Approximate Message Passing (AMP) algorithms have seen widespread use across a variety of applications. However, the precise forms for their Onsager corrections and state evolutions depend on properties of the underlying random matrix ensemble, limiting the extent to which AMP algorithms derived for white noise may be applicable to data matrices that arise in practice. In this work, we study a more general AMP algorithm for random matrices $W$ that satisfy orthogonal rotational invariance in law, where $W$ may have a spectral distribution that is different from the semicircle and Marcenko-Pastur laws characteristic of white noise. For a symmetric square matrix $W$, the forms of the Onsager correction and state evolution in this algorithm are defined by the free cumulants of its eigenvalue distribution.
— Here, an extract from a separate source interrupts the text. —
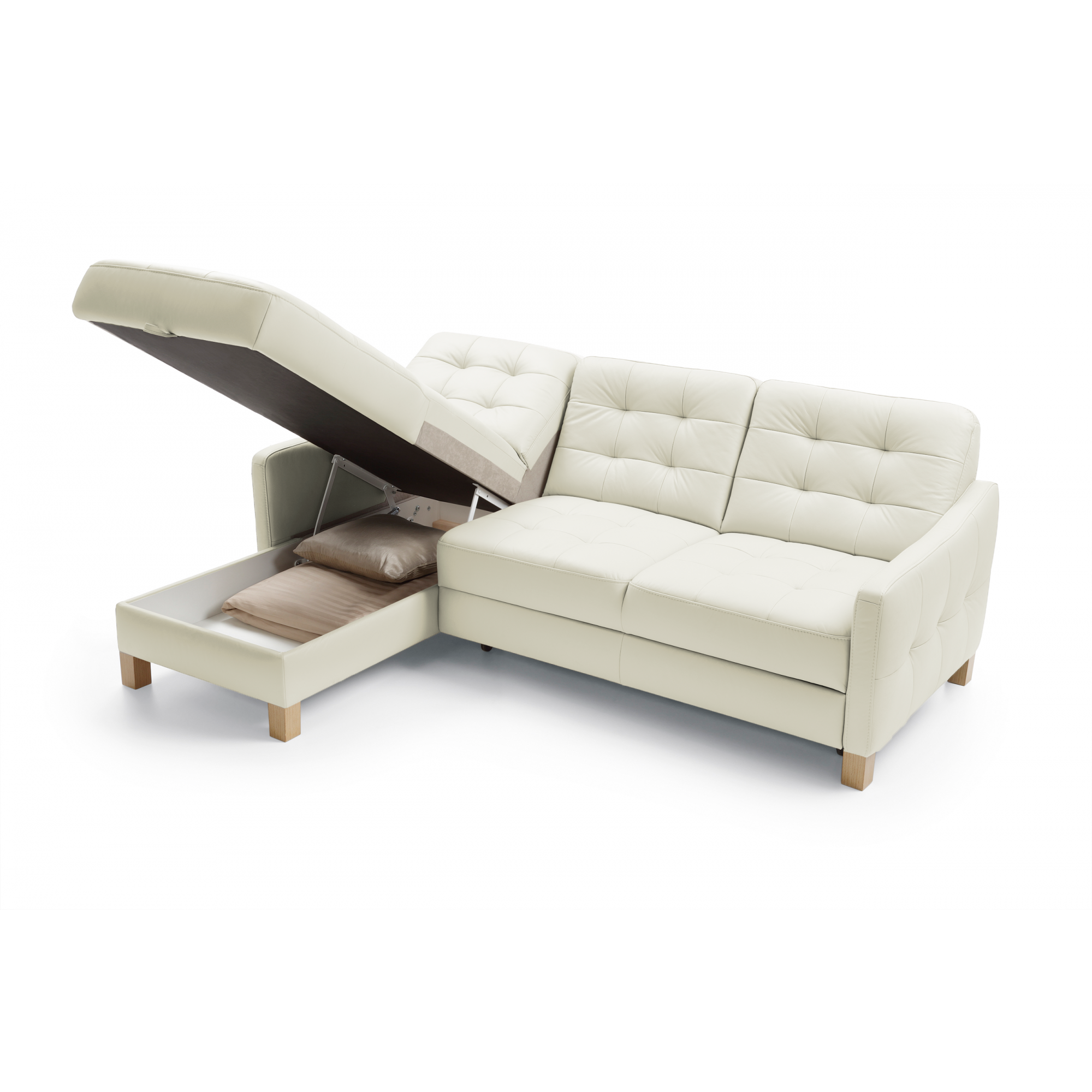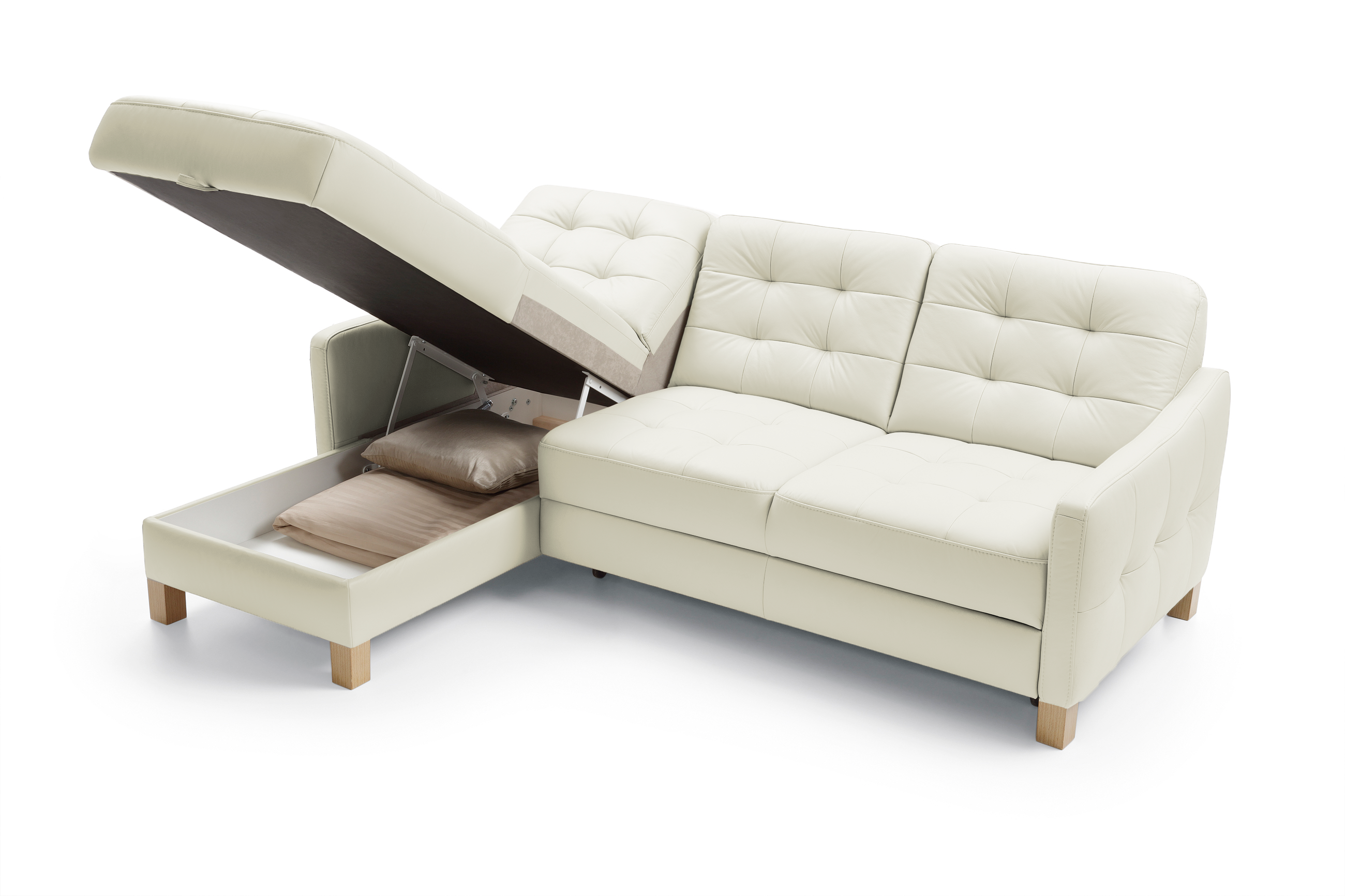 Eckledercouch G105, Schlaf- und Stauraumfunktion, Ecke links

These forms were derived previously by Opper, Cakmak, and Winther using non-rigorous dynamic functional theory techniques, and we provide a rigorous proof. For rectangular matrices $W$ that are bi-rotationally invariant in law, we derive a similar AMP algorithm that is defined by the rectangular free cumulants of the singular value distribution of $W$, as introduced by Benaych-Georges. To illustrate the general algorithms, we discuss an application to Principal Components Analysis with prior information for the principal components (PCs). For sufficiently large signal strength and any prior distributions of the PCs that are not mean-zero Gaussian laws, we develop a Bayes-AMP algorithm that provably achieves better estimation accuracy than the sample PCs.